Die Geschichte nach dem Buch von Craig Davidson nimmt manche schräge ironische Wendung. So gibt es etwa die Vereinbarung der beiden, jeweils nach kurzer SMS-Anfrage sexuellen Kontakt zu pflegen. Angefangen hat es damit, dass Stéphanie ausprobieren wollte, ob „es“ nach dem Unfall noch geht. Dass Stéphanie, als sie selbst auf Prothesen wieder gehen kann, Alis Managerin für blutige (und illegale) Hinterhofkämpfe wird, ist auch so ein unerwarteter Querschläger.

„Der Geschmack von Rost und Knochen“ ist zudem vielschichtig, ohne sich wirklich bedeutungsschwanger zu gebärden, ohne den dokumentarischen Charakter im Sentiment einzubüßen: Stéphanie also macht ihren Weg zurück ins Leben. Ali und Stéphanie finden einen gemeinsamen Weg in die Zukunft. Ali findet einen Weg aus seiner zwielichtigen Existenz, mit Nebenjobs wie dem Anbringen illegaler Überwachungskameras, langsam heraus (während Regisseur Jacques Audiard auf diesem Weg einen Schlenkerer massiver Sozial- und Wirtschaftskritik auch noch hinein bringt). Und Ali findet einen Weg zu seinem Sohn.

Dieser führt – im Wortsinn - über brüchiges Eis: Sams Unfall gegen Schluss des Filmes ist die einzig wirklich irritierende Szene: „Muss das jetzt auch noch sein“, fragt man sich. Noch dazu geht die Musik von Alexandre Desplat – die den ganzen Streifen hindurch mit Opulenz und Understatement gleichzeitig eingesetzt wurde – in diesen Szenen gleichfalls durch in Richtung purer Kitsch.

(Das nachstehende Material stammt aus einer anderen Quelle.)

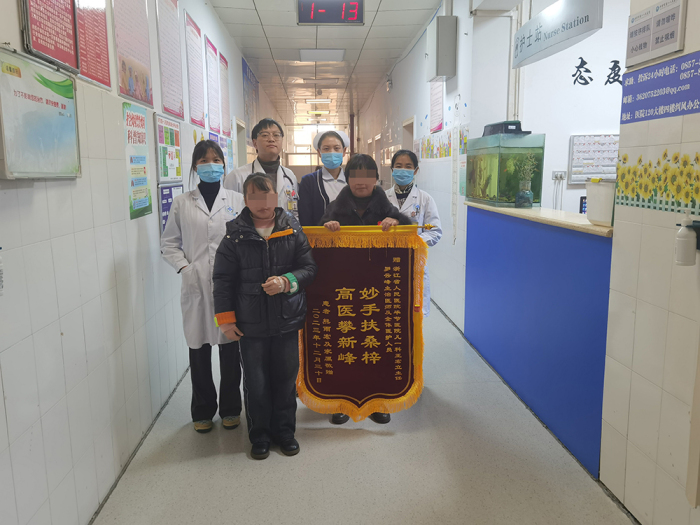 再次与患儿家属详细沟通并取得同意后,12月28日,在吴梅指导下,经全身麻醉后,罗云峰为患儿行肠镜下息肉切除术(EMR术+息肉残端下金属铗封闭术),手术过程顺利,术后观察无特殊不适,第三日患儿即出院。出院当日,患儿奶奶赠送一面锦旗表达对医护人员的感谢。
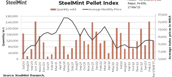 SteelMint’s bi-weekly domestic pellets (Fe 63%) index, PELLEX, decreased marginally by around INR 50/t to INR 9,900/tonne (t) DAP Raipur today compared to the last assessment on 14 March, 2023.
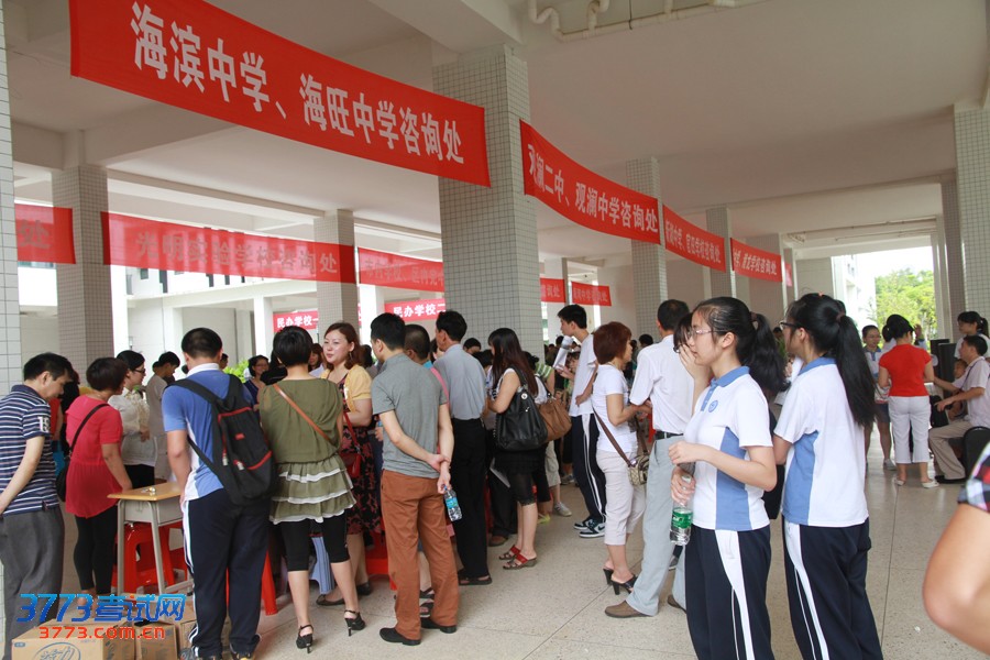 今年,我校继续面向全市招生1040名,让全市学生享受优质品牌教育资源,学生及家长的咨询热情高涨。几天来,学校的招生咨询热线几乎从未停过。参加此次招生咨询的不仅有来自宝安区、光明新区、龙华新区各街道的学生,南山、龙岗、福田、罗湖等区的许多家长和学生也纷纷慕名前来。早晨刚过7点30,就有部分家长携考生陆续来到咨询会现场。9:00许,校园内的咨询点人头攒动,场面火爆。不少家长携全家到访,现场召开家庭会议。中午12:00后仍有不少家长陆续前来咨询。一位来自市区的家长说,他们早就知道宝中今天开咨询会,因为担心路上堵车,一大早全家人就从市区往学校赶,就想带孩子来亲身感受下宝中这所名校。
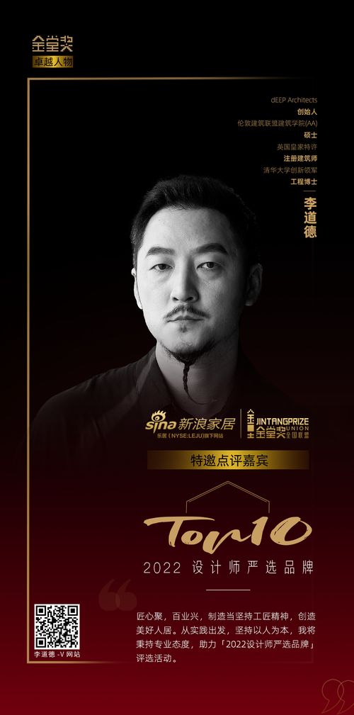 活动汇集国内设计中坚力量,范围覆盖百余城万余设计师,同时32位大咖参与点评。以最强设计师阵容,甄选出服务于设计师及业主的高品质制造品牌。李道德担任「2022 设计师严选品牌TOP 10」特邀点评嘉宾。
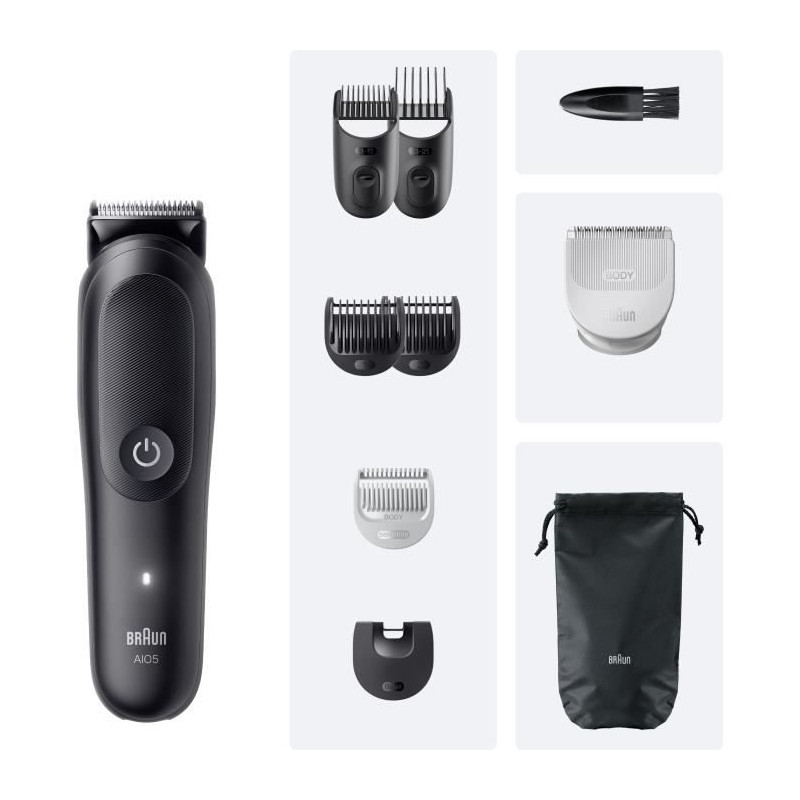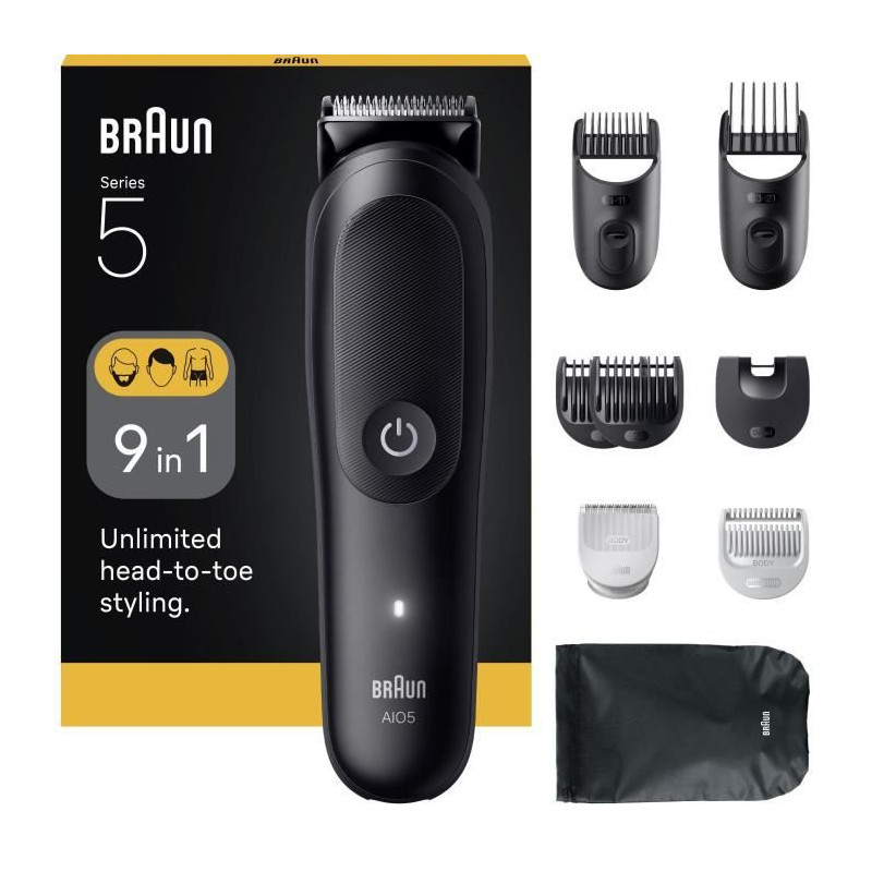 Tondeuse cheveux et barbe - BRAUN - AIO5540 - 120 min - 14 réglages - Noir

Marion Cotillard und Matthias Schoenaerts, die ihre Figuren mit größter Selbstverständlichkeit „verkörpern“, führen den Film aus diesem vorübergehenden Tiefpunkt aber noch ein letztes Mal zurück zu dokumentarischer Sachlichkeit. Man ist auf einem guten Weg. Und „sicher“ ist nichts.